Task item
Please give every line below again exactly, but not its pictures.

Source data
= = = =
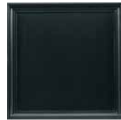
21: Espresso (M) Deep rich black traditional finish with a deep luster that has a very light rub-through along the perimeter edge.
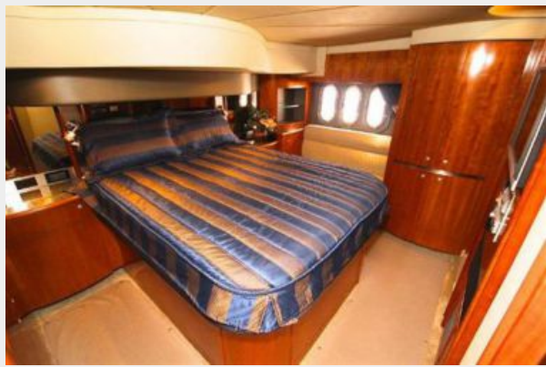
Master Queen Berth
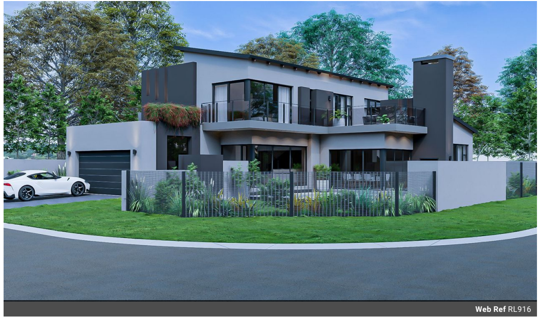
Web Ref RL916
= = = =
Response below
21: Espresso (M) Deep rich black traditional finish with a deep luster that has a very light rub-through along the perimeter edge.
Master Queen Berth
Web Ref RL916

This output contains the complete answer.